Without the pictures, write out all the lines below exactly as they appear.
------ EXTRACTED RECORDS ------
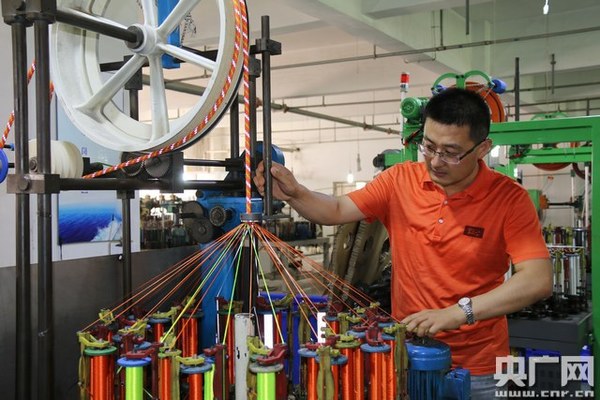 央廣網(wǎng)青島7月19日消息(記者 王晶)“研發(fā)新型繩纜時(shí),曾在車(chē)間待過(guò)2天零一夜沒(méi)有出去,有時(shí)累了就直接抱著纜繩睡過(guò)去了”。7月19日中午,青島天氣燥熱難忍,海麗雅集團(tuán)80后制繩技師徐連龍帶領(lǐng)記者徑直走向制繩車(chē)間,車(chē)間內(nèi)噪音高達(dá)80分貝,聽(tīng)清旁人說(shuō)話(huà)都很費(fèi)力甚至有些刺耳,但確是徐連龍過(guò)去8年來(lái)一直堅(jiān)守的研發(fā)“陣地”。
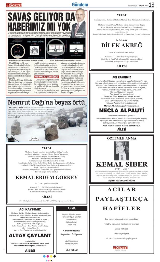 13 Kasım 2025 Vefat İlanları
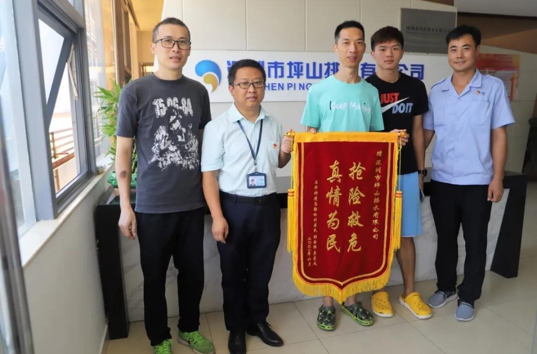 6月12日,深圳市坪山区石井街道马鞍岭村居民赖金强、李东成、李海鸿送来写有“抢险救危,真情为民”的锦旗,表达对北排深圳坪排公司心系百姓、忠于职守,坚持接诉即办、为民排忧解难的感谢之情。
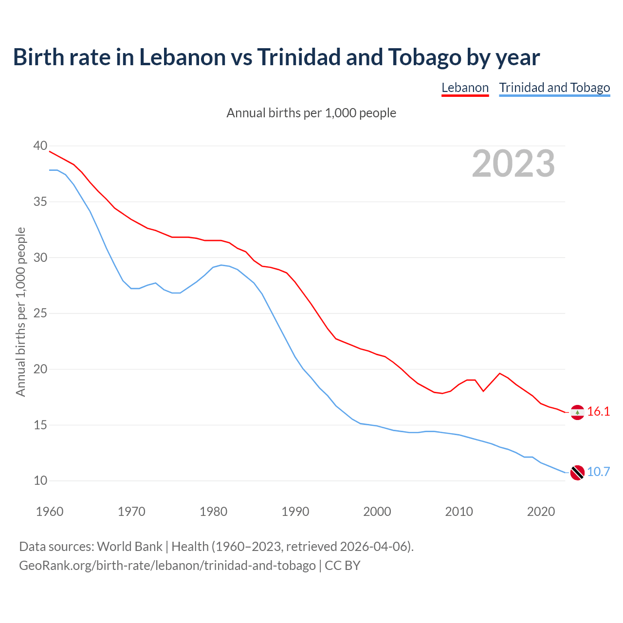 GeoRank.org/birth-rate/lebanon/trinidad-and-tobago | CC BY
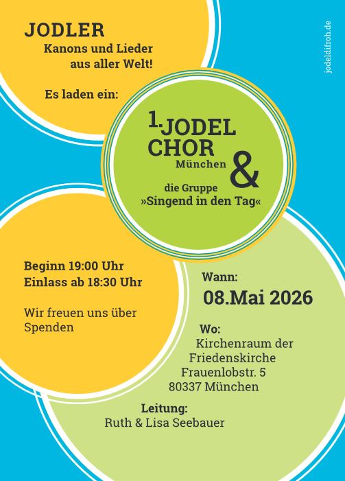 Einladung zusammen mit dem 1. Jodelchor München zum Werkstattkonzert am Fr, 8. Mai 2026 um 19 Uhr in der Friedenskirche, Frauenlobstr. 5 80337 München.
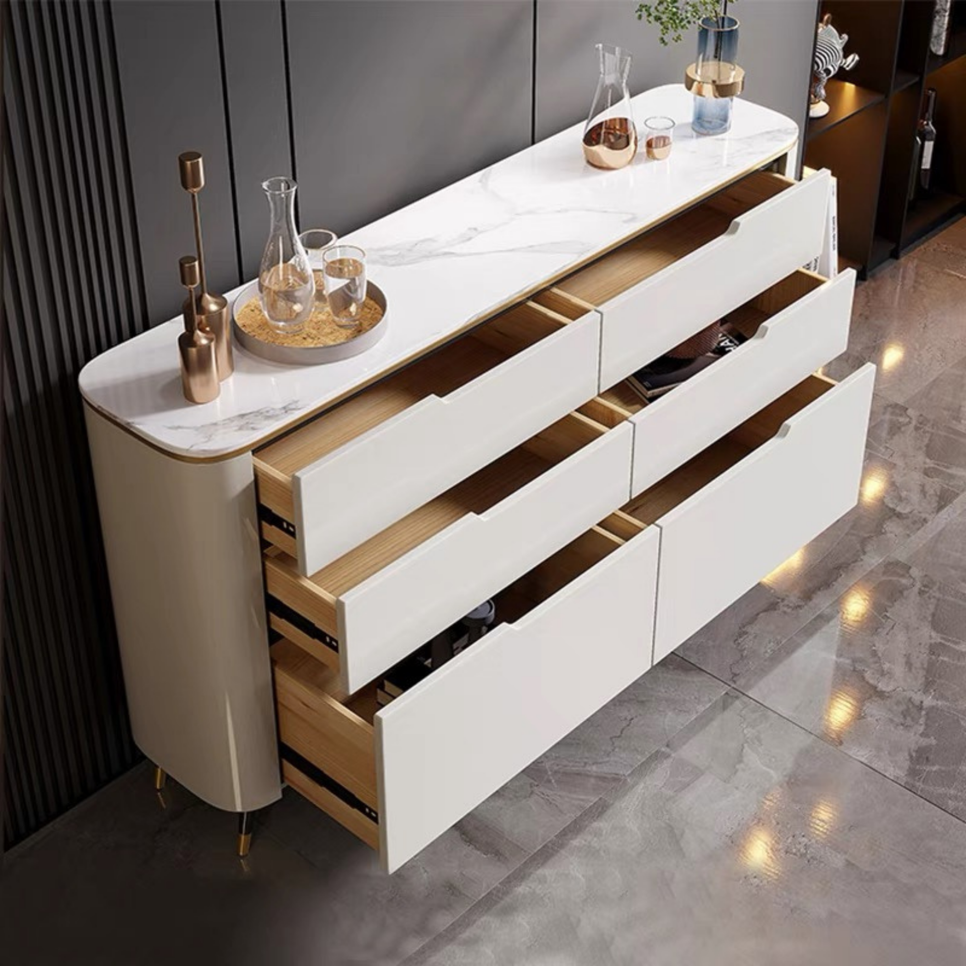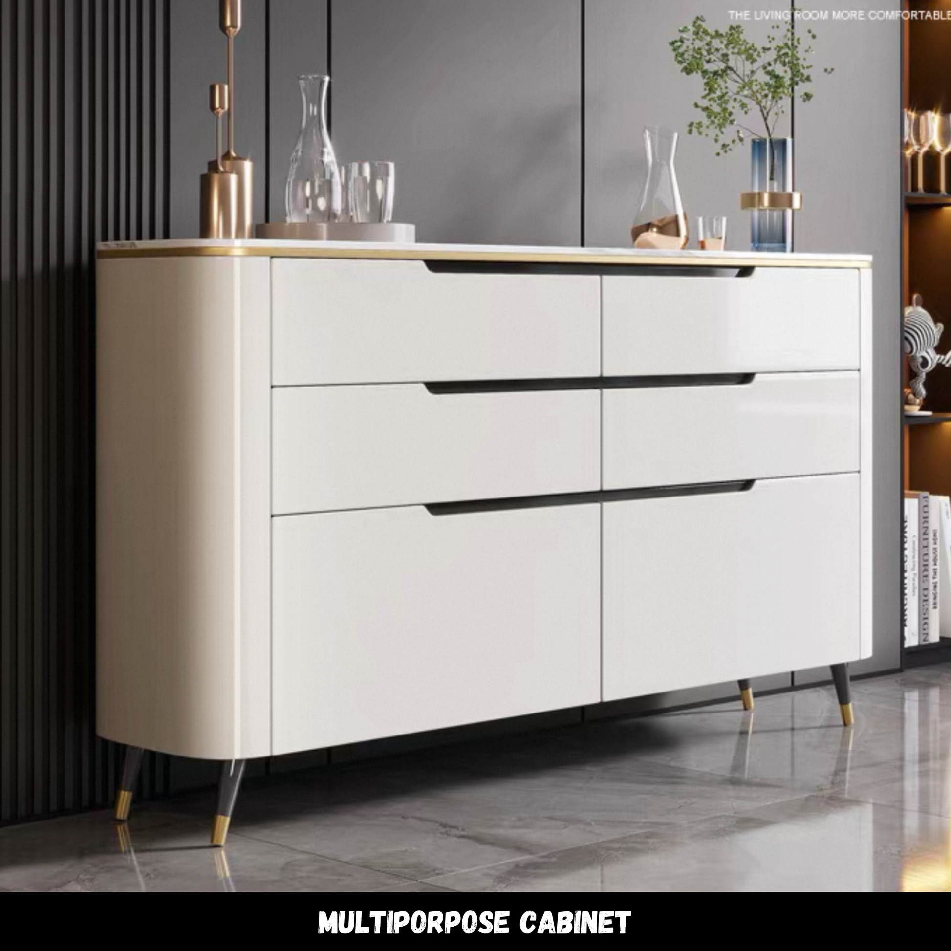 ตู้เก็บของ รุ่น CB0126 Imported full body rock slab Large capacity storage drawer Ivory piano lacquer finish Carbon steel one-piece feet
------
* [EXPECTED ANSWER]
 央廣網(wǎng)青島7月19日消息(記者 王晶)“研發(fā)新型繩纜時(shí),曾在車(chē)間待過(guò)2天零一夜沒(méi)有出去,有時(shí)累了就直接抱著纜繩睡過(guò)去了”。7月19日中午,青島天氣燥熱難忍,海麗雅集團(tuán)80后制繩技師徐連龍帶領(lǐng)記者徑直走向制繩車(chē)間,車(chē)間內(nèi)噪音高達(dá)80分貝,聽(tīng)清旁人說(shuō)話(huà)都很費(fèi)力甚至有些刺耳,但確是徐連龍過(guò)去8年來(lái)一直堅(jiān)守的研發(fā)“陣地”。
 13 Kasım 2025 Vefat İlanları
 6月12日,深圳市坪山区石井街道马鞍岭村居民赖金强、李东成、李海鸿送来写有“抢险救危,真情为民”的锦旗,表达对北排深圳坪排公司心系百姓、忠于职守,坚持接诉即办、为民排忧解难的感谢之情。
 GeoRank.org/birth-rate/lebanon/trinidad-and-tobago | CC BY
 Einladung zusammen mit dem 1. Jodelchor München zum Werkstattkonzert am Fr, 8. Mai 2026 um 19 Uhr in der Friedenskirche, Frauenlobstr. 5 80337 München.
 ตู้เก็บของ รุ่น CB0126 Imported full body rock slab Large capacity storage drawer Ivory piano lacquer finish Carbon steel one-piece feet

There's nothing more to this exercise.